Dataset section section start

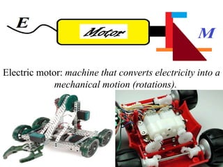 The document discusses different types of electric motors, including stepper, servo, and DC motors, along with their applications. It also covers the use of a motor driver IC (L293D) for controlling motor movements and provides code examples for programming motor functions using AVR. Essential motor commands and configurations for controlling direction and motion of a bot are included.
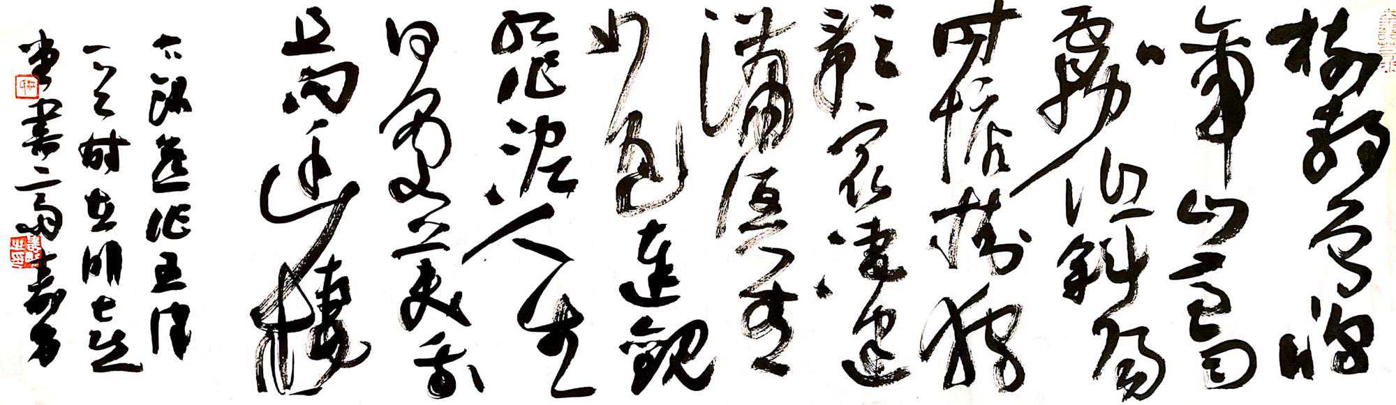 江寿男书法很抒情,尤其他所擅长的行草书,让人一看就知道他是一位很有艺术天赋的聪明人。书家一般可分为功力型和表现型,功力型书家比较注重技术法则与形式规范,对线条与字结构有较强的恒控力;表现型书家不拘泥于成法,注重内在性情的抒发,其领悟能力和想象能力要强于功力型书家,江寿男两者兼备,而显然偏于后者。他敏而善思,勤奋好学,涉猎广泛,尤其对书法的创作始终保持着旺盛的精神。江寿男对线条和字结构的塑造有着自己独特的语言,飞动而不失沉稳。他五体皆能,并已形成自己如一风貌。以他对书法性情与形质的理解,使他的创作始终保持在潜意识下进行。如陶宏景《与梁武帝论书启》中所言“手随心会,笔与手会”,抒情的意味非常浓郁,能将内心的东西表现出来,这点很重要。(吴东民)
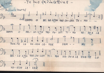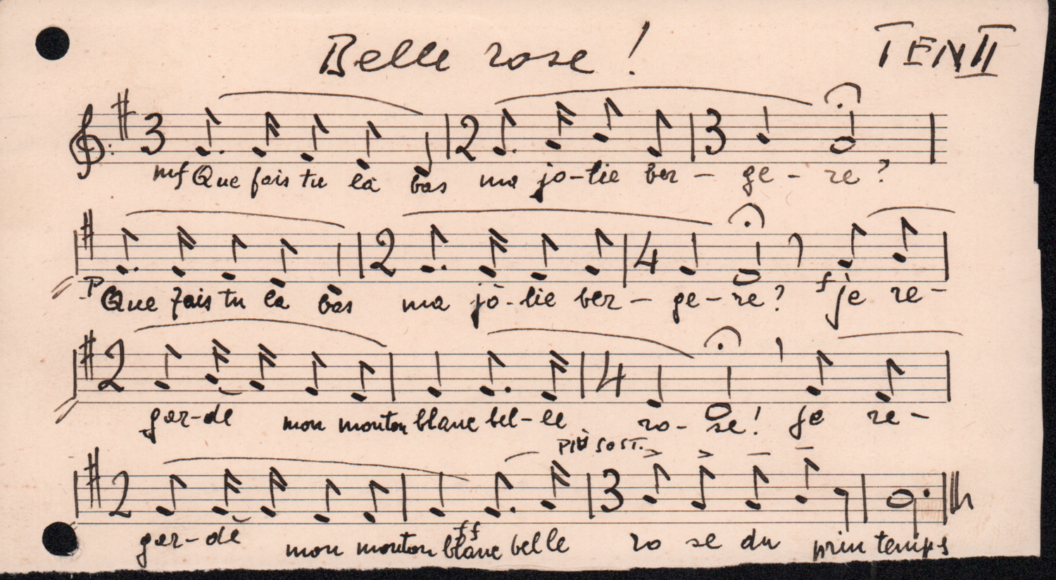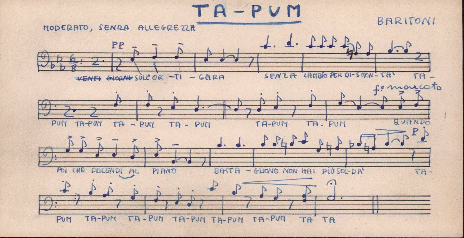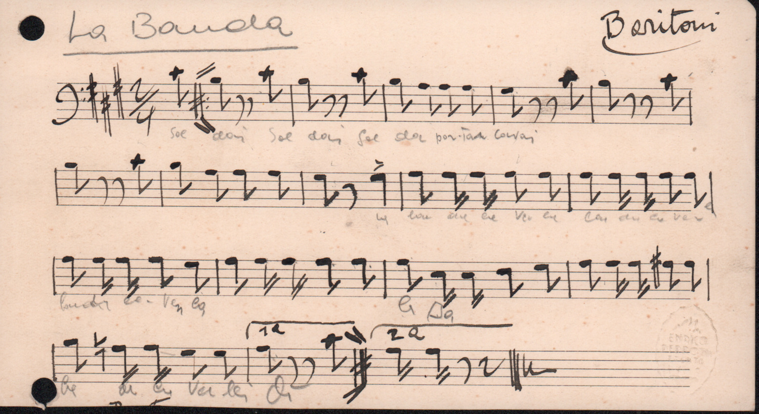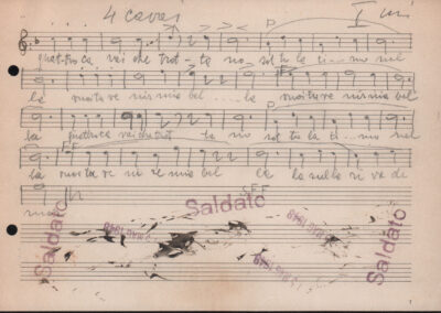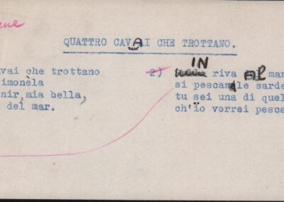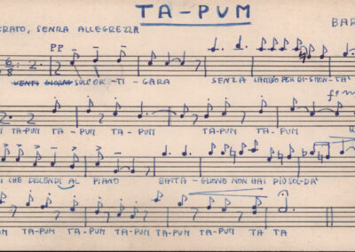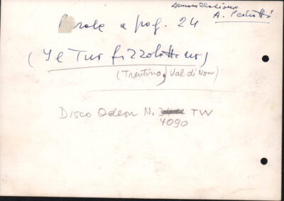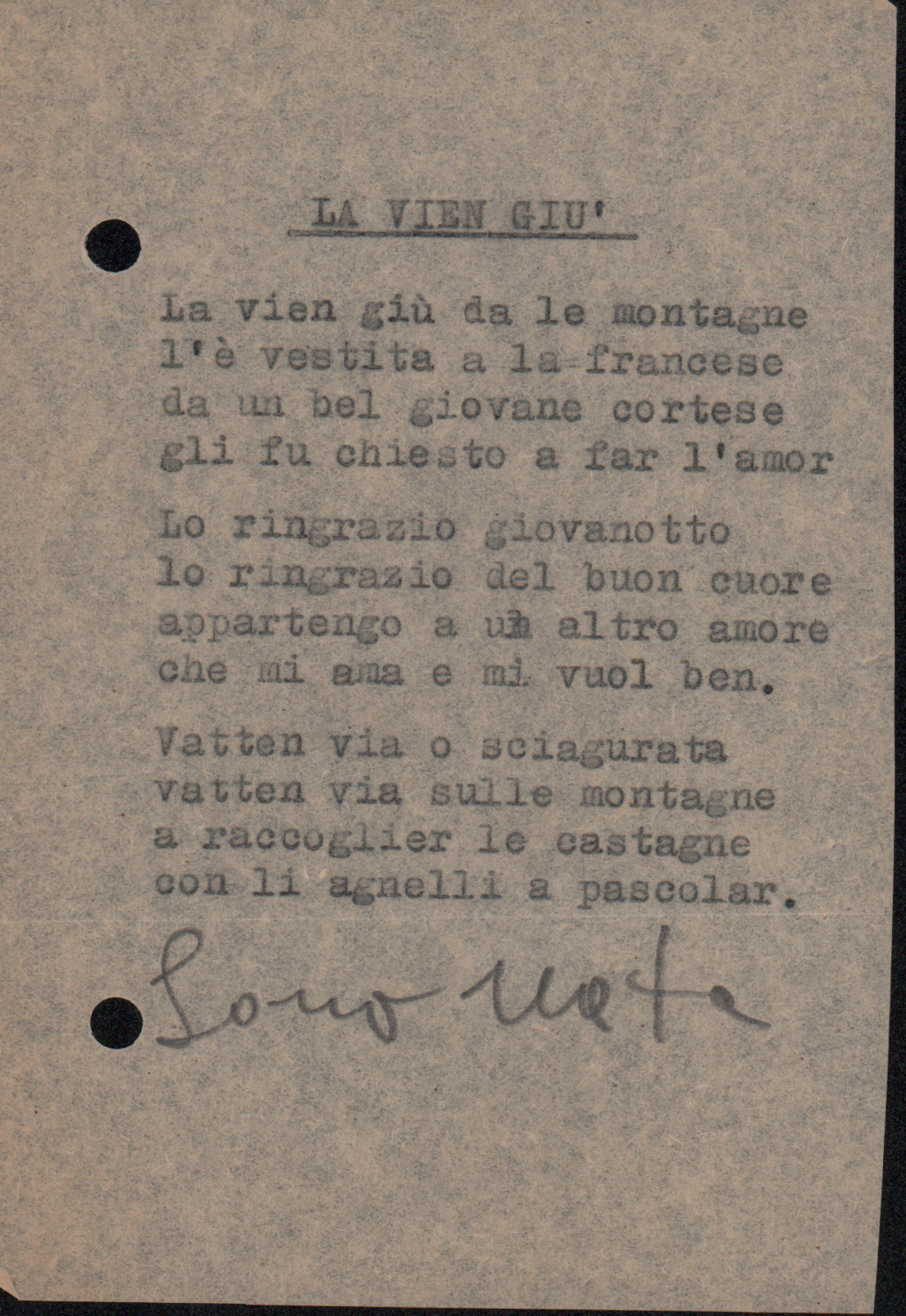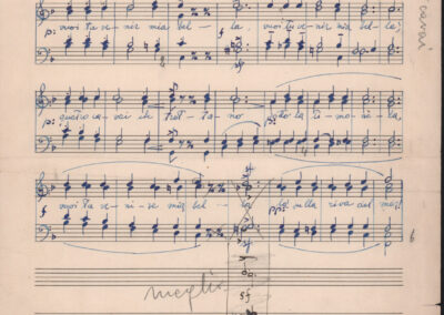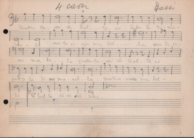 Canti armonizzati da Antonio Pedrotti. Documenti relativi all’armonizzazione di Antonio Pedrotti dei canti Il tuo fazzolettino, Son barcarol, La vien giù dalle montagne, Ta-Pum, Que fais-tu la bas (Belle rose du printemps), Di qua di là del Piave, Il tuo fazzolettino, La banda, Quattro cavai che trottano. 1946-1958. 1 fascicolo.

Dataset section section end

=== Task requirements ===
Print the material again, unchanged, without its pictures.

=== Response below ===
 The document discusses different types of electric motors, including stepper, servo, and DC motors, along with their applications. It also covers the use of a motor driver IC (L293D) for controlling motor movements and provides code examples for programming motor functions using AVR. Essential motor commands and configurations for controlling direction and motion of a bot are included.
 江寿男书法很抒情,尤其他所擅长的行草书,让人一看就知道他是一位很有艺术天赋的聪明人。书家一般可分为功力型和表现型,功力型书家比较注重技术法则与形式规范,对线条与字结构有较强的恒控力;表现型书家不拘泥于成法,注重内在性情的抒发,其领悟能力和想象能力要强于功力型书家,江寿男两者兼备,而显然偏于后者。他敏而善思,勤奋好学,涉猎广泛,尤其对书法的创作始终保持着旺盛的精神。江寿男对线条和字结构的塑造有着自己独特的语言,飞动而不失沉稳。他五体皆能,并已形成自己如一风貌。以他对书法性情与形质的理解,使他的创作始终保持在潜意识下进行。如陶宏景《与梁武帝论书启》中所言“手随心会,笔与手会”,抒情的意味非常浓郁,能将内心的东西表现出来,这点很重要。(吴东民)
 Canti armonizzati da Antonio Pedrotti. Documenti relativi all’armonizzazione di Antonio Pedrotti dei canti Il tuo fazzolettino, Son barcarol, La vien giù dalle montagne, Ta-Pum, Que fais-tu la bas (Belle rose du printemps), Di qua di là del Piave, Il tuo fazzolettino, La banda, Quattro cavai che trottano. 1946-1958. 1 fascicolo.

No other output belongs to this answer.